#### DATASET EXCERPT
= = = = = = =

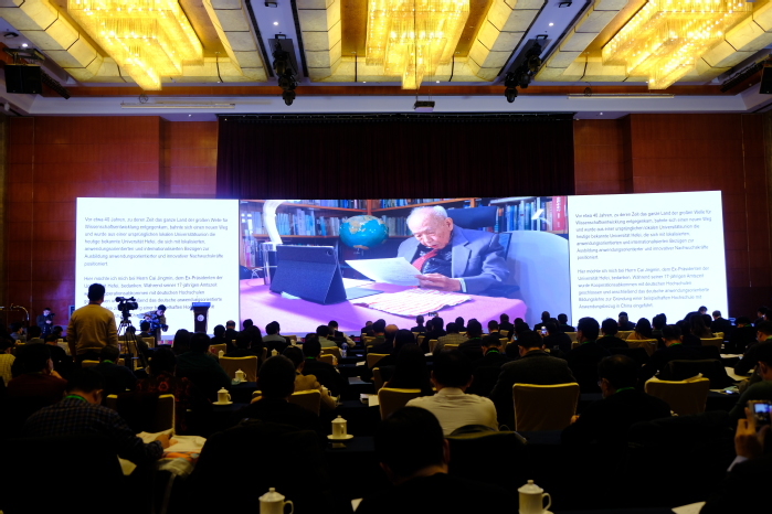 开幕式上,厦门大学潘懋元先生通过视频对本次研讨会给予指导和寄语。他表示,合肥学院勇立潮头,是应用型、国际化的知名高校,合肥学院用应用型人才培养的教学方案,搭建人才交流合作的平台,为产教融合的开展提供动力。希望通过本次大会的开展,中德合作能顺利开展,产出累累硕果。
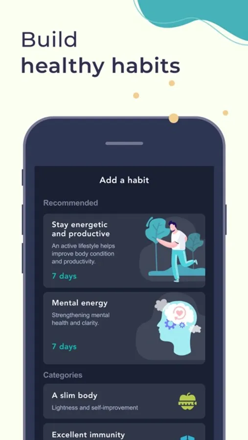 - Habit acquisition with helpful recommendations and ready-made tasks.
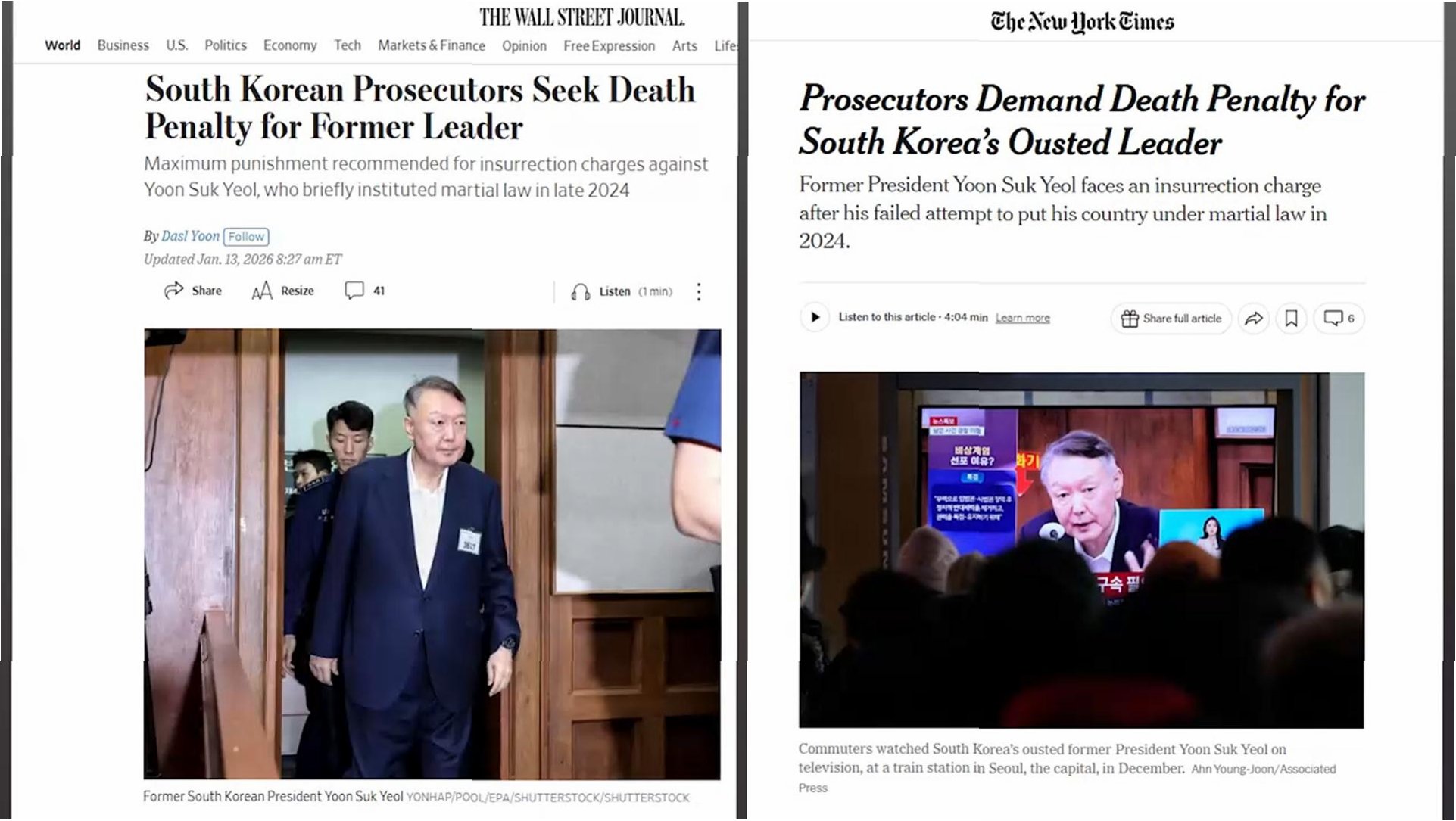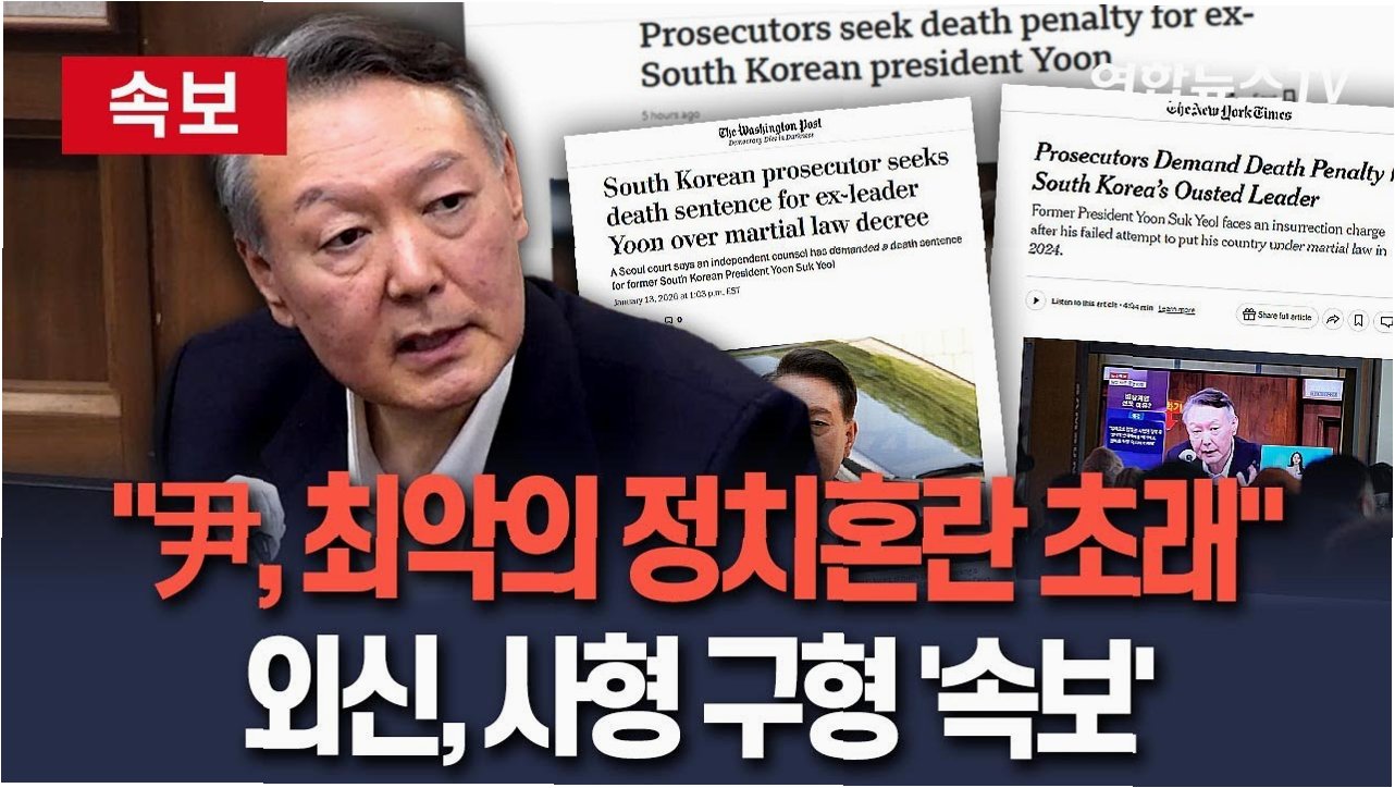 외신들이 일제히 윤석열 전 대통령에게 사형이 구형됐다는 소식을 긴급 타전했습니다. 뉴욕타임스는 “윤석열 전 대통령이 한국에 계엄령을 선포하려 했던 건 1980년대 이후 민주화를 이룩한 이후 최악의 정치적 위기를 초래했다”며 윤 전 대통령에게 검찰이 사형을 구형했다고 전했습니다.
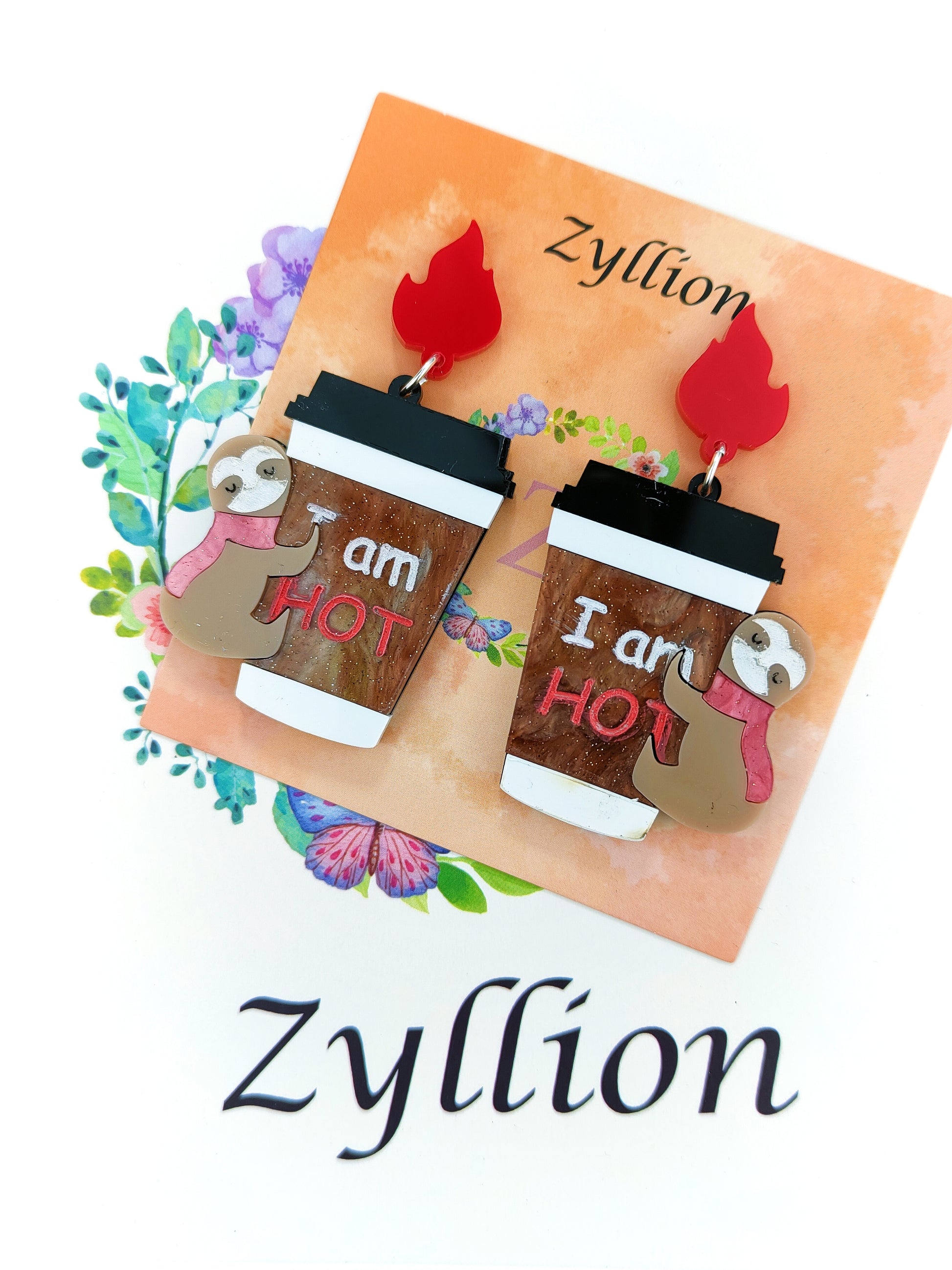 Sloth with hot coffee Dangle Sterling Silver Earrings

= = = = = = =

#### TASK REQUIREMENTS
Exact copy required, pictures excluded: the lines from the one holding "외신들이 일제히 윤석열" through the last line of the data, both ends included.

#### FINISHED TASK
 외신들이 일제히 윤석열 전 대통령에게 사형이 구형됐다는 소식을 긴급 타전했습니다. 뉴욕타임스는 “윤석열 전 대통령이 한국에 계엄령을 선포하려 했던 건 1980년대 이후 민주화를 이룩한 이후 최악의 정치적 위기를 초래했다”며 윤 전 대통령에게 검찰이 사형을 구형했다고 전했습니다.
 Sloth with hot coffee Dangle Sterling Silver Earrings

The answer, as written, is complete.